● **GIVEN INFORMATION**:
►

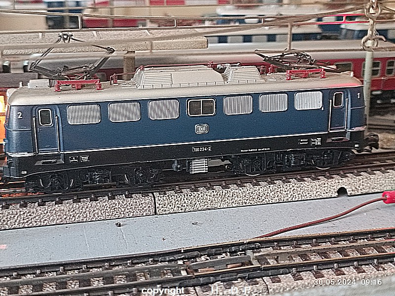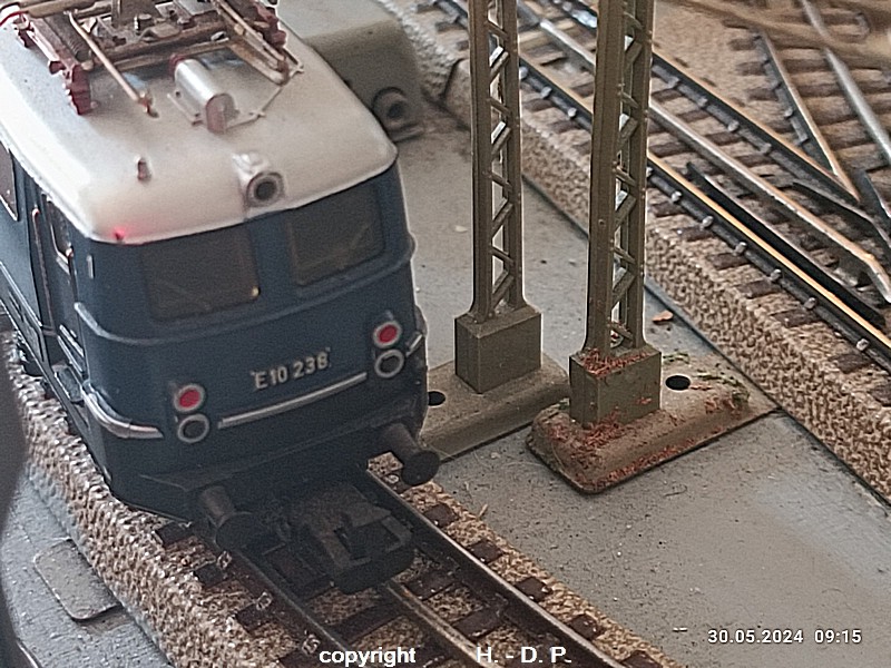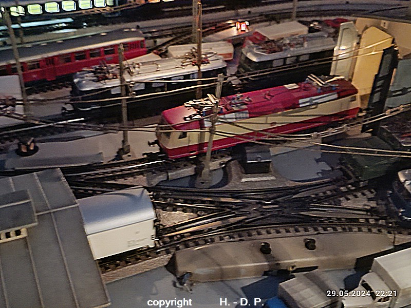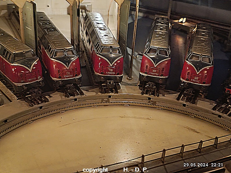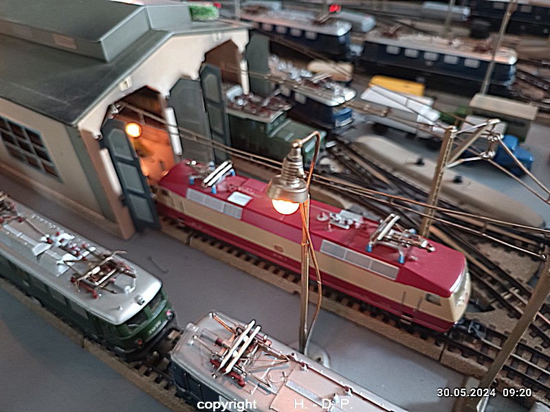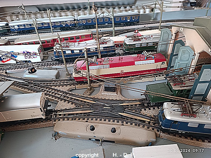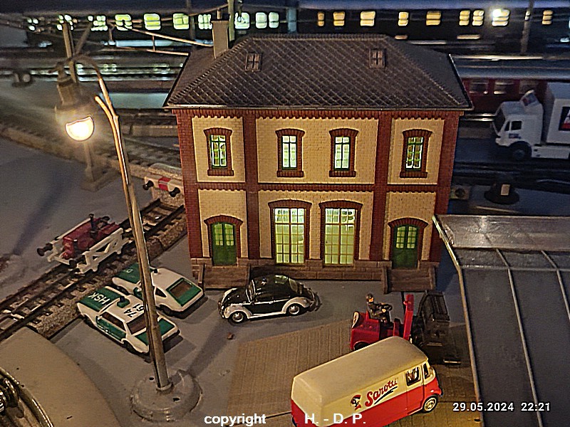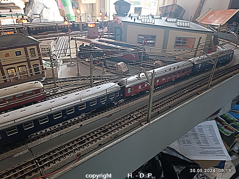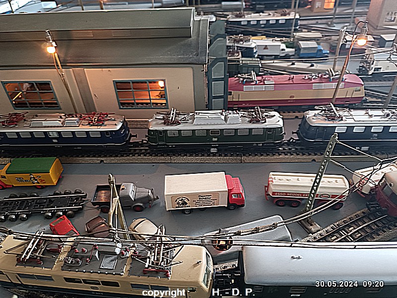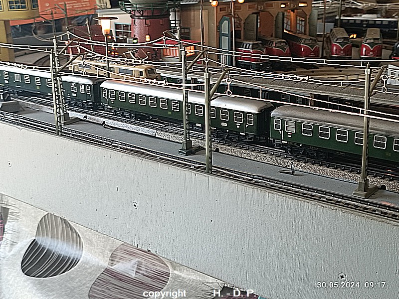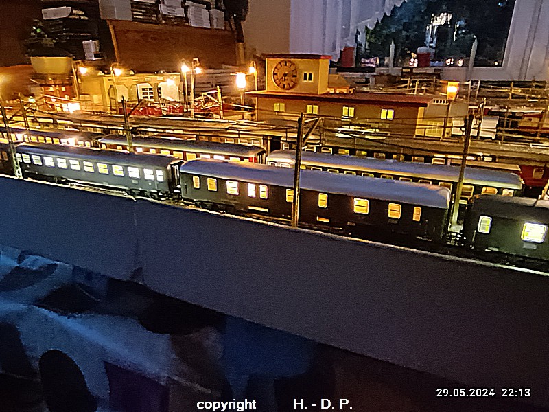 Der heutige Spieltag steht unter dem Motto "Heinhausen bei Tag und Nacht" Alle Loks und Wagen stammen aus dem Haus Märklin und die D-Zugwagen sind beleuchtete 24 cm Blechwagen, teilweise mit LED Birnchen in der Beleuchtungseinrichtung 7077.
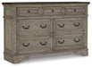 Cottage quaint styling and quality construction make this dresser a dream come true. A two-tone finish provides rustic warmth, with an antiqued gray body and a rich, deep walnut on the top. Framed drawer fronts and dark bronze-tone hardware marry classic elegance and homey charm. Seven smooth-gliding drawers are crafted with quality dovetail construction.
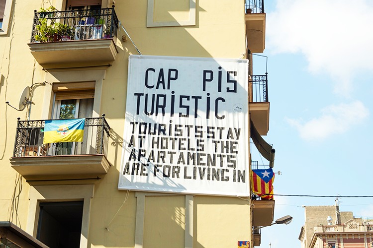 В Барселоне-2017 сложно пройтись по популярным местам, не натолкнувшись на антитуристические граффити и плакаты: «Туристы, езжайте домой!», «Туристы, вы убиваете наш город!» и «Остановите туризм!». Старый злобный плакат у парка Гуэль продолжают перерисовывать: «Если это сезон туристов, то почему нельзя на них охотиться?» («Why call it tourist season if we canʼt shoot them?»).

◄

● **EXERCISE GOAL**: Each line above should be returned exactly as it stands, minus any pictures.

● **EXPECTED ANSWER**:
 Der heutige Spieltag steht unter dem Motto "Heinhausen bei Tag und Nacht" Alle Loks und Wagen stammen aus dem Haus Märklin und die D-Zugwagen sind beleuchtete 24 cm Blechwagen, teilweise mit LED Birnchen in der Beleuchtungseinrichtung 7077.
 Cottage quaint styling and quality construction make this dresser a dream come true. A two-tone finish provides rustic warmth, with an antiqued gray body and a rich, deep walnut on the top. Framed drawer fronts and dark bronze-tone hardware marry classic elegance and homey charm. Seven smooth-gliding drawers are crafted with quality dovetail construction.
 В Барселоне-2017 сложно пройтись по популярным местам, не натолкнувшись на антитуристические граффити и плакаты: «Туристы, езжайте домой!», «Туристы, вы убиваете наш город!» и «Остановите туризм!». Старый злобный плакат у парка Гуэль продолжают перерисовывать: «Если это сезон туристов, то почему нельзя на них охотиться?» («Why call it tourist season if we canʼt shoot them?»).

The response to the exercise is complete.